3. As with #2, if you are clustering on two variables, then each cluster has two means, mean age and mean expenditure. Even if you have a good answer to #1, univariate tests don't capture the differences between clusters.

4. If #2 and #3 are wrong, and you have other variables, then the problem is not as you stated and you need to explain why.

5. If you are interested in means, then Mann-Whitney is not an alternative method of comparing means.

6. Mann-Whitney uses ranks, so it doesn't even know whether the original data are discrete or continuous. In practice, discrete data are more likely to show ties and that can have a secondary effect on the test.

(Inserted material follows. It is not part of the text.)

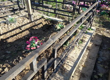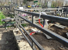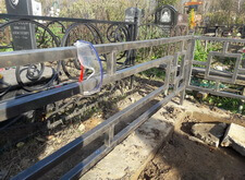 Возвращаемся на могилу. Подготавливаем оградку к покраске, зачищая её от старого покрытия. Параллельно устанавливаем подставку для памятника.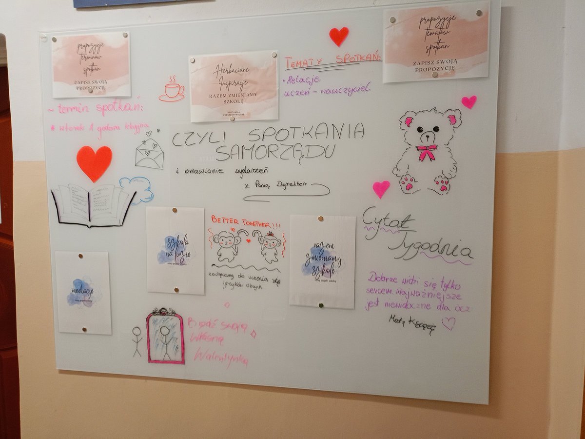 Chcemy, żebyście byli na bieżąco, dlatego przy gabinecie Dyrekcji pojawiła się nasza nowa tablica. To tam znajdziecie najważniejsze ogłoszenia, relacje z akcji i miejsce, gdzie możecie zgłaszać własne pomysły. Dodatkowo przygotowaliśmy dla Was gazetki tematyczne. Od zasad higieny, przez Dzień Życzliwości, aż po klimat świąt.

Whether your software adjusts for ties depends on what it is.

7. How many clusters do you have any way? Is it just two?

I can't advise on SPSS. I often advise against SPSS, but that's a prejudice.

Please give a reference for Sheskin (2007).

Answer 3

First, realize that the Mann Whitney U test and the t test test different things: The t test is a test of differences in means, the U test is a test of entire distributions. It is possible that the means could be the same and the distributions different (although this would only happen for odd distributions, as far as I can tell, for example

set.seed(12345)
x <- rnorm(1000)
y <- c(rlnorm(500), runif(500,-100,100))
wilcox.test(x,y)
t.test(x,y)

where the Wilcox test rejects at $p = 2.2 * 10^{-16}$ and the t does not reject at all.

Second, while the robustness of the t as a test of means depends on exactly how the data are non-normal, sample size, variances and so on, the fact that it is a test of means remains. If age is not normally distributed you may not want to test the means.

Answer 4

The derivation of the Mann Whitney assumes continuous data. When you have heavier-tailed than normal data, it's also typically more powerful than the t-test; if you assume only location shift alternatives, it's a test of difference in means (along with any other reasonable location measure); if that doesn't hold, it's testing something else.

That said, the t-test can tolerate moderate skewness and heavy-tailedness (though in the latter case your actual significance levels will tend to be lower than the nominal $\alpha$).

There's also the possibility of a permutation test rather than either of the choices you mention - it would allow you to test a difference in means and have it be valid when the assumptions of the t-test are not satisfied.

Another possibility if you think that some exponential family distribution might suit better (such as a gamma distribution) would be to fit a GLM with a group factor representing the groups whose means you are comparing. An identity link will even give you a direct estimate of the difference in means.